Figure 1 with 1 supplement see all
IFN-γ directly contributes to Paneth cell loss during Toxoplasma gondii infection.

(a) qRT-PCR analysis of relative Lyz1, Defa23, and Defa24 expression measured in the small intestines of WT, E-Ifngr2 KO, and PC- Ifngr2 KO infected orally with 20 cysts per mouse of the ME49 T. gondii on day 7 after infection (n=6) or uninfected controls (n=6). The results are representative of three independent experiments. (b) Histological visualization of Paneth cells in the small intestines of naïve and infected WT, E- ifngr2 KO, and PC- ifngr2 KO mice. (c) Quantification of Paneth cells per crypt in naïve and infected WT, E- Ifngr2 KO, and PC- Ifngr2 KO mice with 20 cysts of ME49 T. gondii on day 7. Error bars=mean±s.d. (d). Immunofluorescence of intestinal crypts of naive and T. gondii-infected WT, E- Ifngr2 KO, and PC- Ifngr2 KO for Paneth cells (UEA, green), Lyz1 (red), and nucleic acid (DAPI, blue). Scale bar: 50 μm. The results are representative of three independent experiments. (e) Immunofluorescence images of intestinal crypts of naïve or T. gondii-infected WT, E- Ifngr2 KO, and PC- Ifngr2 KO mice treated intravenously with propidium iodide (PI) on day 6 post infection. Arrows show individual PI+ puncta. The results are representative of four independent experiments each containing at least three mice per group. Scale bar: 50 μm. (f) Average numbers of PI+ puncta per crypt. Histological sections shown were selected by blinded observation. The results are representative of four independent experiments, PI (pink), Lyz1 (green), and DAPI (blue). Error bars=mean±s.d.

Figure 1—source data 1

Analysis of Paneth cells in the small intestines of WT, E-Ifngr2 KO, and PC- Ifngr2 KO infected orally with Toxoplasma gondii.

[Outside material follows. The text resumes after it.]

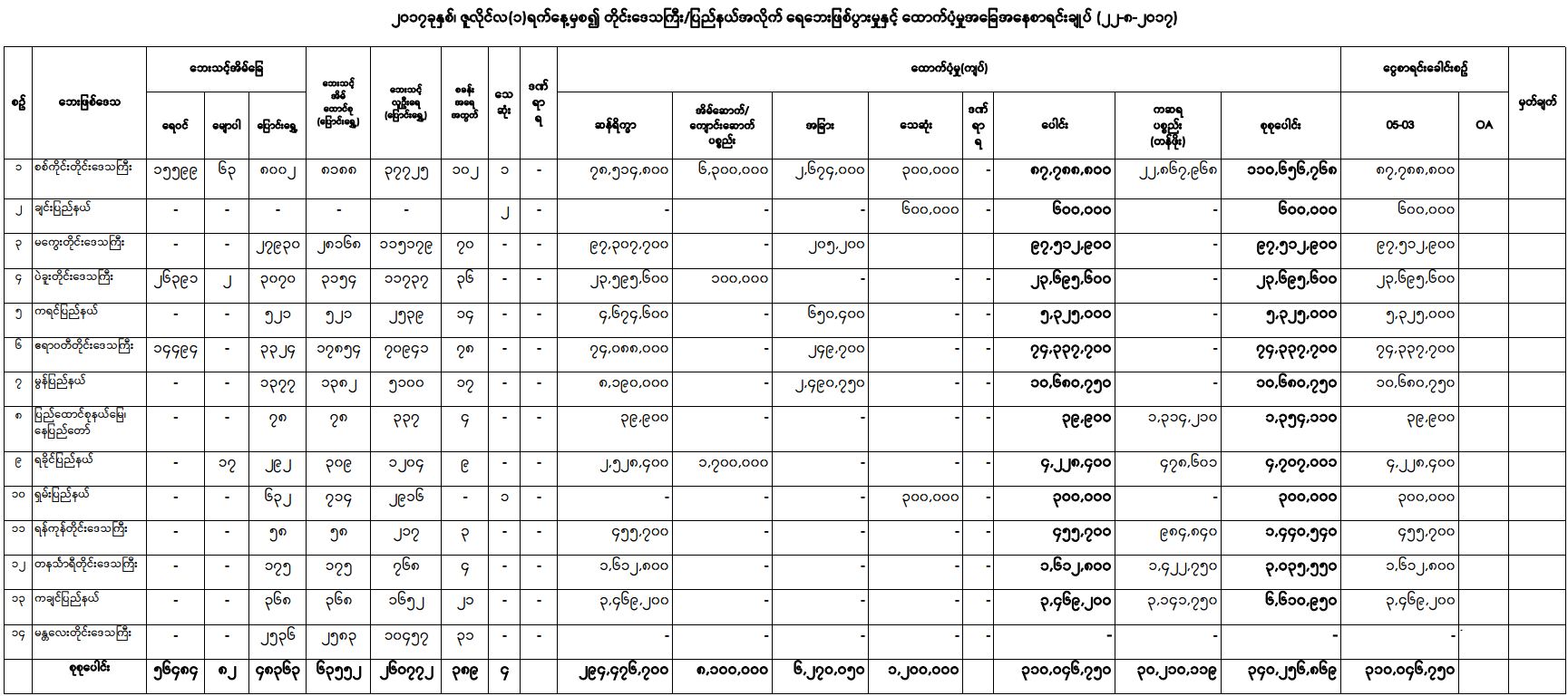 ၂၀၁၇ ခုနှစ်၊ ဇူလိုင်လ(၁) ရက်နေ့မှစ၍ တိုင်းဒေသကြီး/ပြည်နယ်အလိုက် ရေဘေးဖြစ်ပွားမှုနှင့် ထောက်ပံ့မှုအခြေအနေစာရင်းချုပ် (၂၂-၈-၂၀၁၇)

Figure 1A: qRT-PCR analysis of relative Lyz1, Defa23, and Defa24 expression measured in the small intestines of WT, E-Ifngr2 KO, and PC- Ifngr2 KO infected orally with 20 cysts per mouse of the ME49 T. gondii on day 7 after infection. Figure 1C: Quantification of Paneth cells per crypt in naïve and infected WT, E- Ifngr2 KO, and PC- Ifngr2 KO mice with 20 cysts of ME49 T. gondii on day 7. Figure 1F: numbers of PI+ puncta per crypt in the small intestines of WT, E-Ifngr2 KO, and PC- Ifngr2 KO infected orally with 20 cysts per mouse of the ME49 T. gondii on day 7 after infection.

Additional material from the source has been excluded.